My companion shouts out at me to run towards a big bush, and to hold down spacebar to be quiet and hide.

I ran the wrong way and....

Nothing happened. Bloody lizards appeared to be out there to soak in the sunshine.

NPC continued to get me to move over to them, and the lizards did not seem to hear anything. Ok, so maybe they're er... deaf?

But then I ran over to the bush, THROUGH A DOZEN LIZARDS, and there was zero reaction. Next, I then crouched down in a bush that will never, ever be able to hide two fully grown humans, and the bloody lizards seemed to go: "Oh noes, where have the humans gone? We can't see them. Let's go home now."

Jarring. Just jarring. This totally broke my immersion of the game. Giant lizards hunting us, stopped doing so just so we can hide in a bush?! No sense of smell? Terrible eyesight? Hard of hearing? That's BS. A better way could have been designed to teach us this mechanic, perhaps running from bush to bush and hiding to avoid roving lizards. Sigh. Sorry, this part really stuck out to me, and that was barely a few minutes into the tutorial.

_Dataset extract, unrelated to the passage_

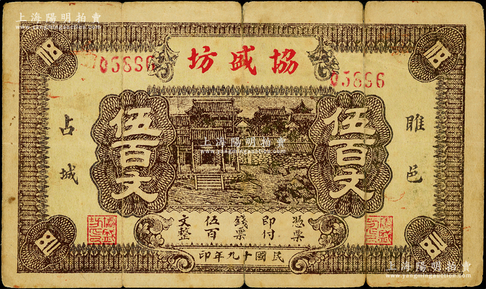 民国十九年(1930年)协盛坊伍百文,江苏雎宁县钱庄钞票,上印村落图;海外藏家出品,罕见,原票七成新

What pushed me over was when I started on the weapons tutorials. There are a massive amount of playstyles in MHW, from aerial weapons to bow weapons, swords and shields to transforming weapons. But the four-five I tried just felt meh. Some of the weapons actually felt too heavy, too impactful for what they were. Shocking. Also, the controls were probably optimized for console - blocking with my shield was an odd button on my mouse, mouse 4. Remapping it messed up some camera controls, and I just gave up and ran with the defaults as I wasn't in the mood to go through the menu system, something I found really unintuitive.

It was about then I said I'm done with this and got a refund. It's a pity I got affected by these things that most people probably don't care about. The models and environment look amazing, and the attention to detail on the characters is just fantastic.

I'm really curious about the lore too, are the cats slaves? Why are they helping humans? Like, I only saw one cat in the "council" meeting. The human:cat ratio seemed really uneven. Ah... well I'm not gonna go down that road. Next game, I hope I won't be that picky. Ha!

Tuesday, June 16, 2020

Houdini + Redshift 3950x PC build - choices and problems

I've never wanted to own a desktop PC again. Unfortunately, I messed up the bios of my desktop replacement (9900k, 2070, 128gb) and I needed a machine to get a project done. It was either a) Buy a similar desktop replacement, or, for more or less the same price, get an even more kick arse desktop PC.

I waffled for a few days between those choices - I'm trying to keep the amount of stuff I own to a minimum, and hoped that the laptop would be fixed in time. But that's unlikely with covid, and I went with the desktop route as the new amd chips really intrigued me.

Now, a bit of background, I do vfx for film, and recently quit my job to pursue freelance opportunities because reasons. When I still had a job with a big vfx production house, I'm pretty much used to a multi cpu xeon machine with at least 128gb of ram, and a quadro for my display. There is no way to justify one of these at this point in time. But the last few years, AMD's threadripper cpus have been popping up all over my feed, and I was like, yeah, let's go check out those chips.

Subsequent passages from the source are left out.